There were various nifty little tricks I learned on various Microsoft programs, but that’s boring.

Day 14: the path that brought you here

Sometimes I spend too long at the end of the year planning for the new year ahead, so something like #reverb12 is so good for me.

This year was so full of change for me and mine that it feels like it wasn’t a “good one”. While I welcome the fresh breeze that change can bring, too much change just leaves me itchy and skittish, the ground loose beneath my feet. Then, when things settle again and the road ahead looks smooth and delightful, I think – what’s next?

But I need to remember to look back at the winding path before I start walking.

My question is: what was the most important thing you learned in 2012?

I think the most important thing I learned this year was that ‘I ought to’ is a very bad reason to do anything. I had run myself into a wall with ‘I ought to’ and had lost sight of what was actually important for me.

When I had learned to reformulate every ‘I ought to’ into either ‘I want to’ or ‘X needs doing’, I was able to see much more clearly where I was, what needed doing, and whether it needed me to do it. Then I was able to do it, but in a way that did not stress me out, or not do it, and not feel guilty about not doing it.

It has allowed me to do things – some of them very big, scary, things – on my own terms. The whole thing broke a very damaging pattern and I very much want to remember it, and take it forward into next year with me.

The Church of England and Same-Sex Marriage: What Happened, and How Very Furious I Am About It

1. Govt starts talking about same-sex marriage.
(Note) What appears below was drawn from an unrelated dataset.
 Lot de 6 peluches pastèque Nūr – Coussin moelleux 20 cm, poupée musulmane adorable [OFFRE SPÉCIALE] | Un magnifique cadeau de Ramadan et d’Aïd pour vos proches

2. Much to the fury of much of its membership, Church of England expresses opposition to this idea, on the grounds that (despite this having been explicitly vetoed) religions might be forced to perform same-sex marriages against their beliefs.
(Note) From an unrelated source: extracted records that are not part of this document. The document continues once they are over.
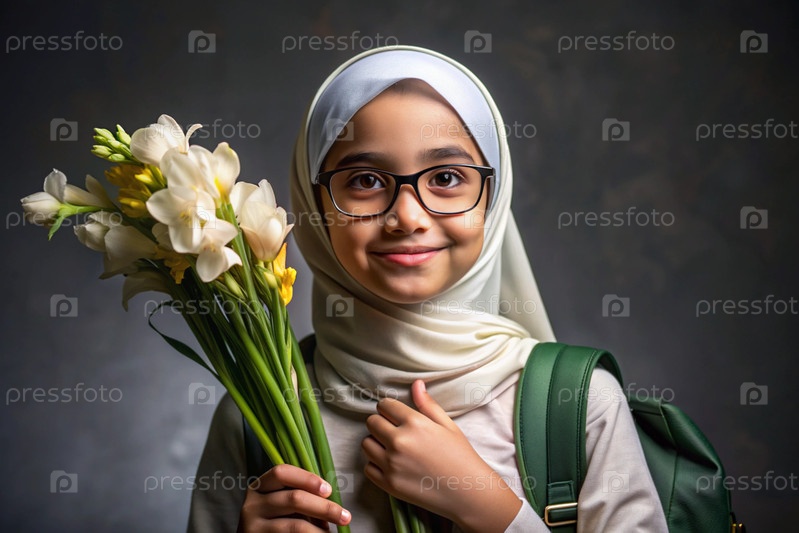 Первоклассник-мусульманин с очками на доске. Девушка держит цветы в руках. Ребенок пойдет в школу впервые. Ребёнок с рюкзаком, книгой и цветами. Возвращение к школе
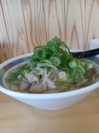 中華そばはネギが山盛りで具沢山♪ 竹輪に豚肉、野菜がモリモリで大満足。麺はモチモチでスープは甘めの和風だし。 優しく体に染み渡る~ 幸せだ~
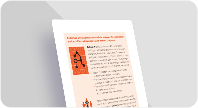 Performing an agility assessment calls for analyzing the organization’s work activities and separating them into two categories: AAAA Pattern A applies to the parts of the organization AAAA working on software development, maintenance, and operations. This includes areas such as IT, operations, AAAA and quality assurance testing. These IT-centric functions AAAA are poised to adopt lean-agile principles as well as agile AAAA methods and practices. By lean and agile principles, we 4 use the terms outlined in the Scaled Agile Framework: AAAA € Respect for people and culture, in which people perform work to benefit customers; € ‘Flow’, describing how teams achieve optimized work pr ocesses to create continuous and sustainable value; € Innovation, in which producers create new products for customers to validate; € A focus on relentless improvement. Agile methods include scrum (in which the product owner works with team members to identify priorities for development), sprints (periods lasting a set period Scrum of time in which the team develops minimally viable products to test), and stand-up meetings (daily, or regular team meetings to get fast status updates). Sprint While in most organizations it’s common for Pattern A activities to occur in IT-centric functions—after all, agile began as a software development movement— they can also occur in other functions. Some Stand-up meetings companies will find these activities in sales (such as with a customer app), or in HR (if recruiting is central to that company’s business model). 4 Scaled Agile Inc., Lean-Agile Mindset, November 17, 2017, accessed March 13, 2018, http://www.scaledagileframework.com/lean-agile-mindset/
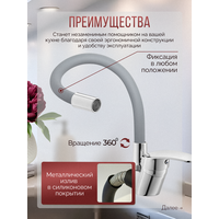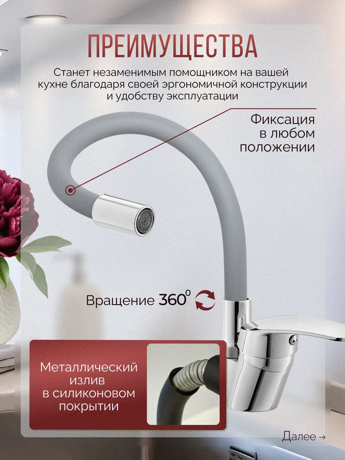 Смеситель для кухни с гибким изливом, кран для кухни гибкий серый: сравнение цен, характеристики, фото, актуальное наличие и цены.
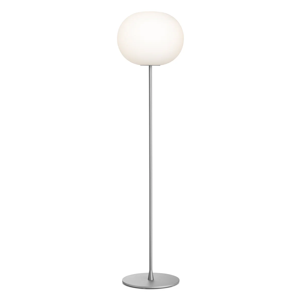 Le diffuseur de la Glo-Ball Lampadaire composé de verre opalin soufflé à la main avec une surface extérieure gravée et un anneau de recouvrement fileté en alliage d'aluminium moulé sous pression, plaqué de chrome alodine par galvanisation. La base est en acier massif, la tige en alliage d'aluminium moulé sous pression - tous les éléments sont peints ou chromés en argent mat.
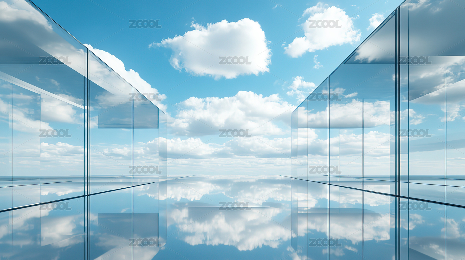 3D渲染玻璃与蓝天白云
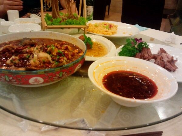 貌似是在川府人家,含光路口,朱雀桥下,他家菜貌似可以团购,团购的一桌才70多,菜味道还行吧
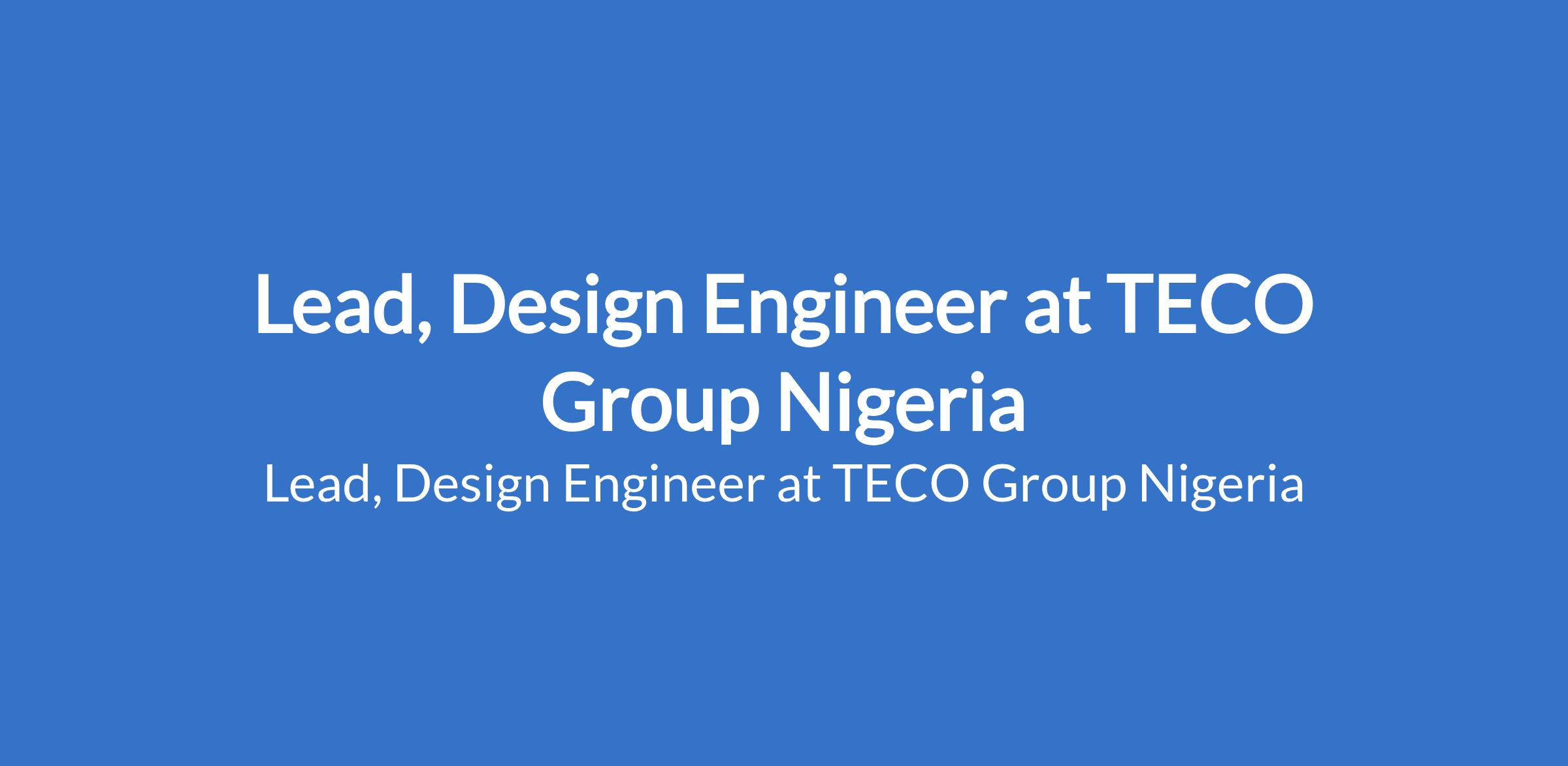 TECO Group Nigeria is recruiting to fill the position of: Lead, Design Engineer. The position is located in Ondo State. Salary: N500,000 - N750,000 monthly. Interested candidates should possess a B.Eng / B.Tech / HND in Agricultural Engineering or Mechanical Engineering with 58 years relevant experience.

3. Govt obligingly provides ‘quadruple legal lock’ to prevent Church of England performing same-sex marriage.

4a. Members of Church of England who wanted same-sex marriage very upset, as (this is feeling familiar, isn’t it?) this puts us about five years backwards from where we could be, at a conservative estimate. (I do feel that this is being glossed over in the coverage, but possibly I am not reading the right coverage.)

4b. Other members of Church of England fairly upset as they have been hoist with own petard and been made to look kinda homophobic. (I don’t have much sympathy there, no.)

Reverb 5 and 13: destination and journey

Day 5: What was your dream destination?

What was your dream destination in 2012 and why?

It can be a town, city, country or region — real or imaginary — and doesn’t matter if you actually got there or not!

Prestatyn.

Don’t laugh.

No, really. One of my mad schemes for this year was to walk Offa’s Dyke, the 8th century earthwork that marks the border between England and Wales. I was going to go south to north, for some reason that now escapes me, starting in Chepstow and ending in Prestatyn.

My reaction to most long-distance paths is, ‘ooh, when can I practicably walk that one?’ and Offa’s Dyke is no exception. This was going to be the year. I didn’t do it in the end, because I wasn’t rich enough and I wasn’t fit enough, and I did the Isle of Wight Coastal Path instead, this being much easier and less pressurised, but I do still want to get to Prestatyn. Or Chepstow. Whichever.

Day 13: Some selfie love?

Please post your favourite picture of yourself from 2012, self-portrait or otherwise!

By all means! This is me, on Midna-the-trike, on the way to watch the Women’s Cycle Road Race at the Olympic Games. Picture taken by Tony and sepiafied by Sam, his brother-in-law.

Reverb 4 and 12: me, dancing, weeping

Day 4: How will you celebrate YOU?

How are you going to celebrate your self this festive season?

I don’t mind admitting that I found it very difficult to get my head around this question. For me, the festive season is not about celebrating me at all; it is about celebrating Christmas (in its religious sense) well, either preparing to do so (both in the solemn observance of Advent and in, e.g., practising Christmas music) or actually doing so; it is about celebrating friendships and relationships, even where that’s a slightly desperate greetings card whose implied message is ‘I’m sorry I haven’t been in touch ALL YEAR! I do still like you and want to be your friend; I’m just a bit rubbish!’ Celebrating myself hasn’t really entered into my consciousness. Part of that is the fact that I spent a lot of the last three months thinking that I was not worthy of celebration, because my brain was doing that annoying thing where it wants to kill me. Part of it is not really having thought about it.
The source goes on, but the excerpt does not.